*Problem to solve*
The listing, minus its pictures, is to be given again exactly.

*Stored data*
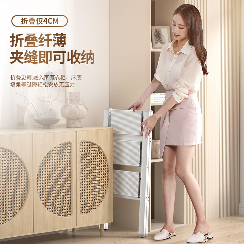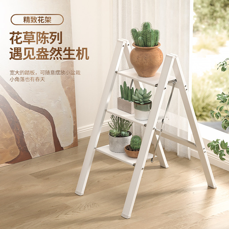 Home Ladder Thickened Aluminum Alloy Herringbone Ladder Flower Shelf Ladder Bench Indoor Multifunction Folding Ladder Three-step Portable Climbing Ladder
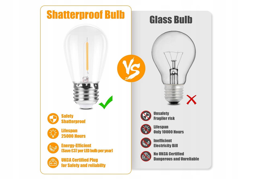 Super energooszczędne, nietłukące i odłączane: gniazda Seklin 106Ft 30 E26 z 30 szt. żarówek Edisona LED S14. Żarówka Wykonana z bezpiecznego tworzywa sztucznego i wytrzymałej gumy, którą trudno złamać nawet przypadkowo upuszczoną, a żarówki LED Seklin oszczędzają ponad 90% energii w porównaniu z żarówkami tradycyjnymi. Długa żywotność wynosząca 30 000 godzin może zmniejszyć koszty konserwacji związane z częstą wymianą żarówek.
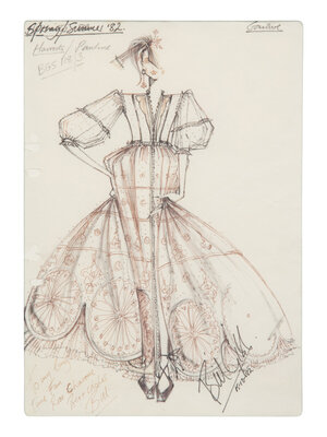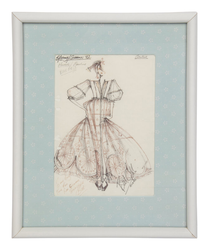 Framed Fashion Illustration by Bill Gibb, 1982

*Written answer*
 Home Ladder Thickened Aluminum Alloy Herringbone Ladder Flower Shelf Ladder Bench Indoor Multifunction Folding Ladder Three-step Portable Climbing Ladder
 Super energooszczędne, nietłukące i odłączane: gniazda Seklin 106Ft 30 E26 z 30 szt. żarówek Edisona LED S14. Żarówka Wykonana z bezpiecznego tworzywa sztucznego i wytrzymałej gumy, którą trudno złamać nawet przypadkowo upuszczoną, a żarówki LED Seklin oszczędzają ponad 90% energii w porównaniu z żarówkami tradycyjnymi. Długa żywotność wynosząca 30 000 godzin może zmniejszyć koszty konserwacji związane z częstą wymianą żarówek.
 Framed Fashion Illustration by Bill Gibb, 1982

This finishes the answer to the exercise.